ECB too lax in supervising credit risk, auditors find

European Central Bank supervisors are too lax in supervising how they manage credit risk, the EU Court of Auditors said on Friday (12 May).

The auditor has long criticised the ECB for insufficiently pushing the just over 100 banks — 82 percent of the total — it supervises to reduce bad loans. Friday’s report now suggests the problem is more profound than previously thought.

One of the problems highlighted in the detailed report is that the ECB does not follow its own rules consistently. It is also too lenient towards high-risk lenders and also accused the bank of being too slow to decide on capital requirements — up to 13 months, which is “very, very long, longer than the previous year,” said Mihails Kozlovs, the ECA member in charge of the report.

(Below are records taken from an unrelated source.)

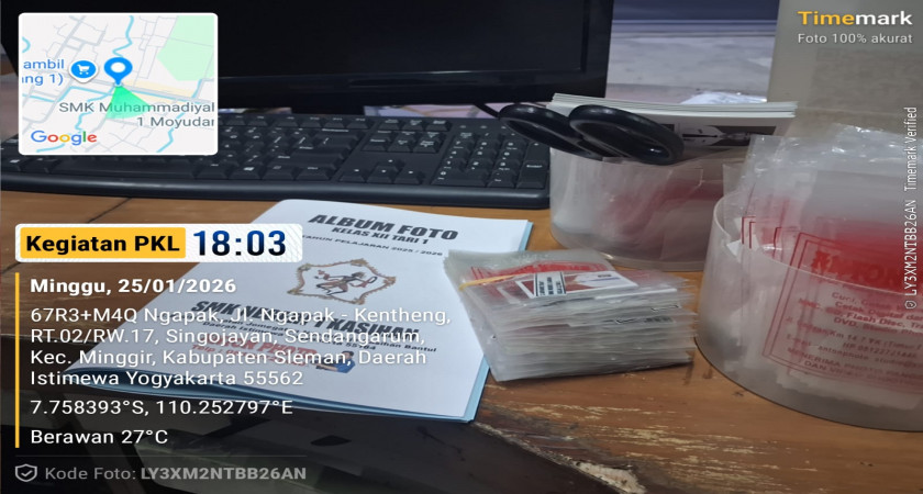 (Minggu, 25/01/26) Hari ini saya bersama Leni dan Dila berangkat pukul 10.50 WIB. Setibanya disana tidak ada pekerjaan jadi kami hanya menunggu didepan menunggu costumer yang tiba. Namun sempat pukul 18.00 WIB terdapat tempelan dan saya pun dengan segera menempel pas foto tersebut hingga pukul 20.00 WIB.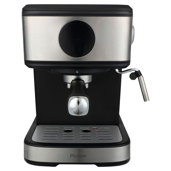 Кофеварка Pioneer CM121P, рожковая, 850 Вт, 1.5 л, чёрный с серебристым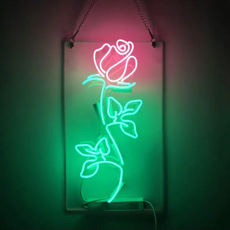 ネオンサイン ROSE FLOWER NEON SIGN デザイン ネオン管 バー カフェ 喫茶店 広告用看板 クラブ及び娯楽場所等 インテリア 18x10インチ(Rose)
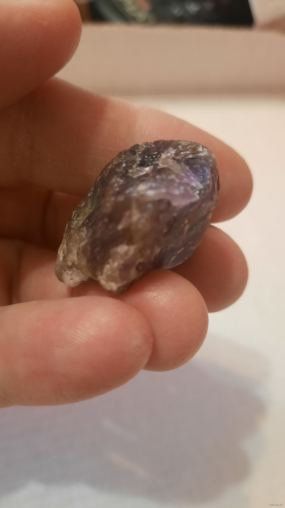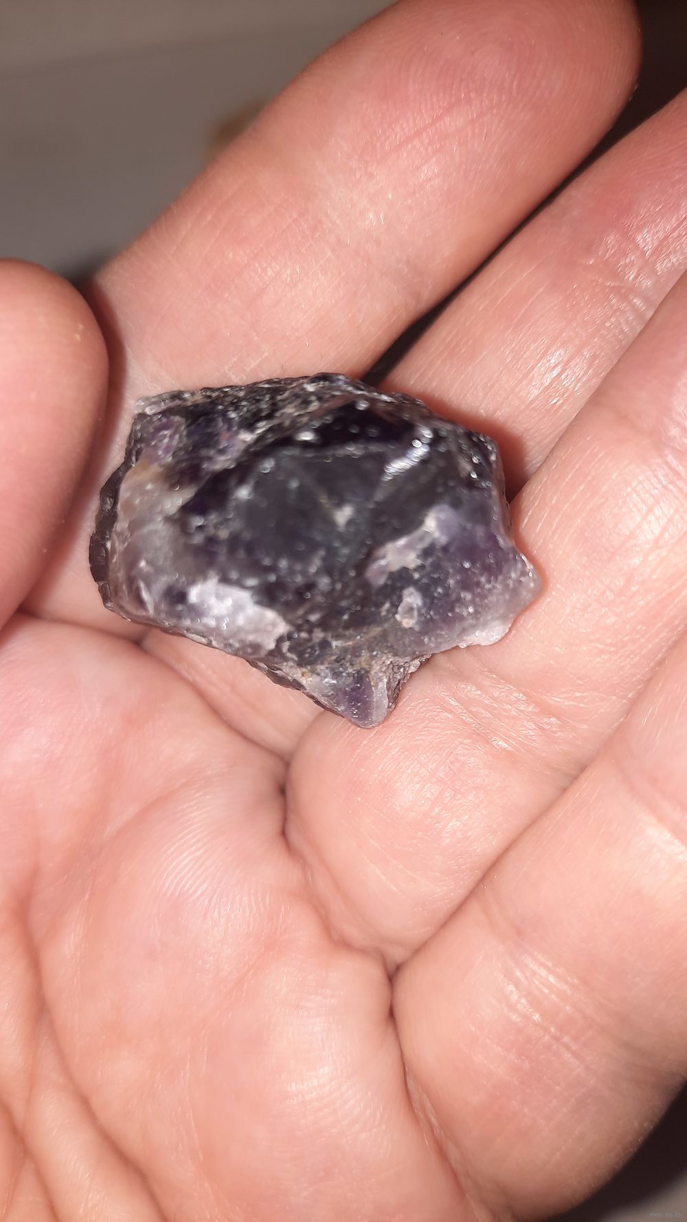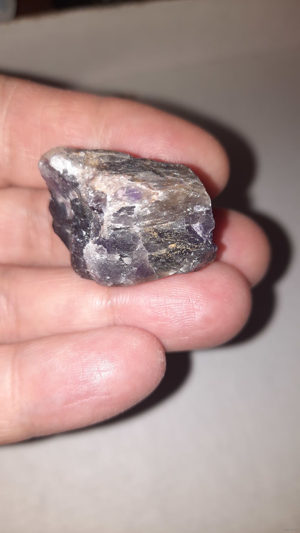 Фото сделаны со вспышкой и без. Хотелось передать сиреневый цвет. Возможно аметист находится на кварците серого цвета. Больше виден сиреневый цвет при просмотре на солнце.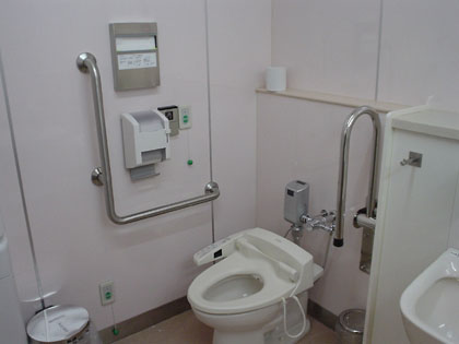 シャワートイレ:○ オストメイト:○ 石鹸:○ エアータオル:○ 便座シート:○ オムツ台:○ 音姫:○ 緊急ボタン:○

“To avoid bank failures due to poor credit risk management, the ECB should ensure that banks manage credit risks soundly”, added Kozlovs. “This is crucial given the importance of trust in the banking sector and the challenging current economic conditions.”

But the new approach for determining the amount of capital a bank must hold “beyond the regulatory minimum” introduced in 2021 does not guarantee that all risks are covered. The auditors conclude that the ECB has not applied its own rules consistently.

In particular, the ECB did not impose proportionally higher requirements when banks faced higher risks. In fact, for the highest-risk banks, the bank supervisors consistently selected the lowest available capital requirements.

Furthermore, the auditors saw a pattern of the ECB failing to sufficiently escalate supervisory measures when credit risk was high and sustained and control weaknesses persisted. In response to the report, the ECB said it would review its escalation processes and added there was still a four percent staff shortfall.

Interest rate risk

The auditors only looked at credit risk. Interest rate risks, which increase the cost of capital and mortgages, have been raised a record amount since the summer of last year, were omitted.

“We understand [credit risk and interest rates] are linked. Interest rates might lead to borrowers’ difficulties,” Kozlovs told EUobserver when asked if interest rate risks to businesses and households were included in the overall risk monitoring.

“For the time being, based on the data from the European Banking Authority, there is no significant build-up of non-performing loans,” said Kozlovs, adding that “in some sectors, the risk was increasing.”

“This only underlines the importance of our call for the rigorous application of the rules,” he said.

“Our overall conclusion is that the ECB has stepped up its efforts in supervising banks’ credit risk,” the auditors concluded in the report. “However, more must be done.”